Stored data:
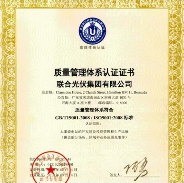 联合光伏表示,通过三体系的建立,完善了本公司的管理体系,规范了工作程序,实现了质量、环境、安全管理工作系统化、规范化、标准化。通过体系的有效运行,提高了本公司运营风险管控能力,提升了本公司的质量管理水平,实现了节能减排。通过三体系证书的取得,联合光伏树立了绿色企业形象,降低了环境管控风险,保障了职工健康安全,增强了本公司的市场竞争力,将为实现把公司打造成为“中国能源转型的国家名片”保驾护航。
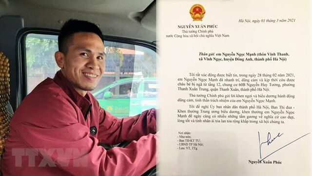 Trước đó, Thủ tướng Chính phủ Nguyễn Xuân Phúc đã có thư khen gửi anh Nguyễn Ngọc Mạnh, người dũng cảm cứu cháu bé 3 tuổi bị ngã từ tầng 12 chung cư.
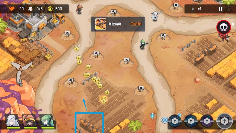1-7:地图右边牛仔,随机秒杀3只怪,建议留给最后一波大怪(未开局点不了)
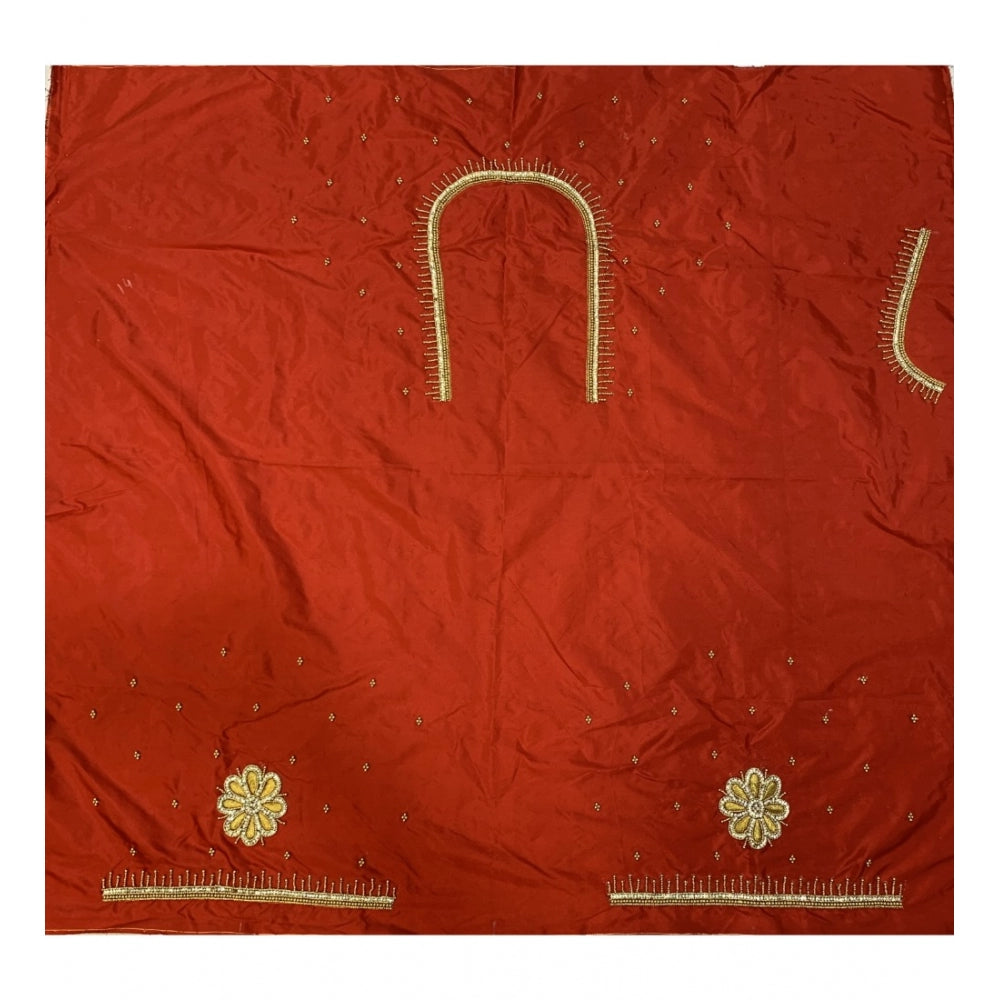 Amfyn Women's Cotton Silk Printed Unstitched Blouse Piece (Red, 80-100 cm)
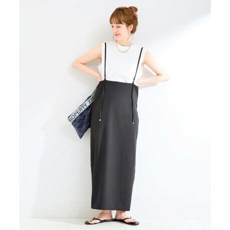 ベーシックなノースリーブカットソーはややゆったりめに、キャミワンピースはIラインシルエットですっきりとした見え感にしています。華奢な細ストラップは長めの設定にし、大人っぽく着れるようなデザインにしました。
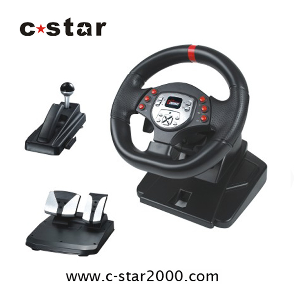 video game steering wheel for PS2/PS3/USB. Programmable analog gas and brake pedal. Adjustable title angle. Interactive vibration with games. Traction control....Details
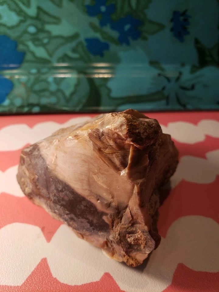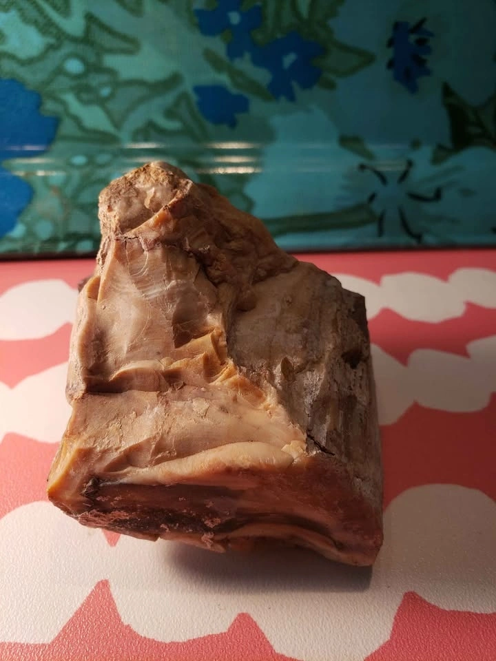 Beautiful natural stone with warm tones in the banding. Semi-translucent in areas with unique layered patterns. Solid but not overly heavy — perfect for a desk, bookshelf, or decorative accent. One-of-a-kind piece. Approx. 8 cm x 6 cm x 6 cm. 350g.
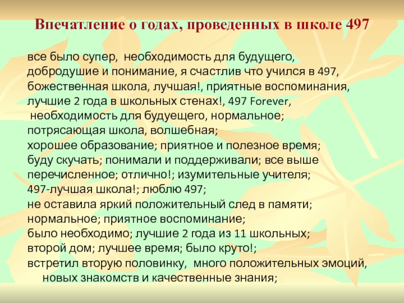 Слайд 45Впечатление о годах, проведенных в школе 497
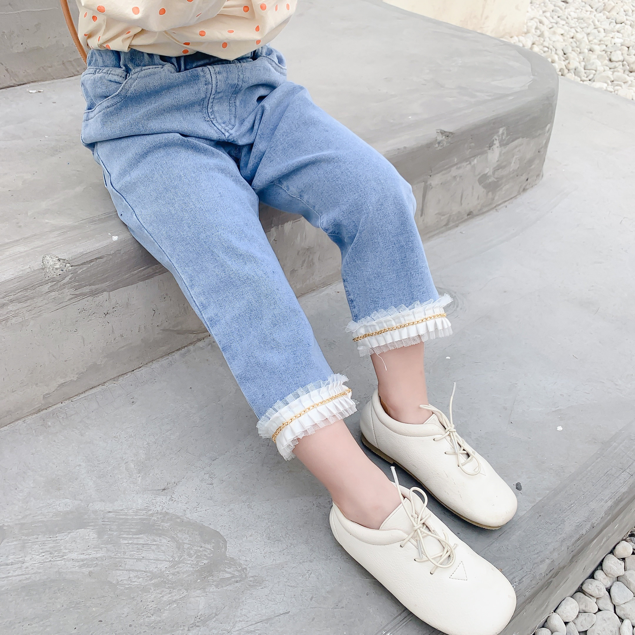 小童码,清仓裤子1-2-3-4-5岁女童花边软牛仔裤女宝宝阔腿裤弹力
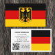 Business Cards: Modern German business card featuring flag of Germany on one side and your details together with scannable QR Code, small German flag on the other side. Easily customize link in QR Code for your website or mobile number, personalize name, address details or change flag on the side for your company logo, personal photo or any other image. Make it your business or just card for moving house.
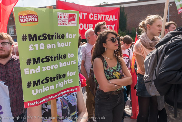 McDonald's workers who are holding the first UK strike against the company on Monday, US Labor Day, calling for an end to zero hours contracts, £10 an hour and union recognition get advance support outside the company's UK HQ.

◆ WHAT IS NEEDED: In the entries above, find the line containing "Beautiful natural stone" and the line containing "Business Cards: Modern", then copy both and every line between them exactly, without any picture.

◆ RESPONSE BOX:
 Beautiful natural stone with warm tones in the banding. Semi-translucent in areas with unique layered patterns. Solid but not overly heavy — perfect for a desk, bookshelf, or decorative accent. One-of-a-kind piece. Approx. 8 cm x 6 cm x 6 cm. 350g.
 Слайд 45Впечатление о годах, проведенных в школе 497
 小童码,清仓裤子1-2-3-4-5岁女童花边软牛仔裤女宝宝阔腿裤弹力
 Business Cards: Modern German business card featuring flag of Germany on one side and your details together with scannable QR Code, small German flag on the other side. Easily customize link in QR Code for your website or mobile number, personalize name, address details or change flag on the side for your company logo, personal photo or any other image. Make it your business or just card for moving house.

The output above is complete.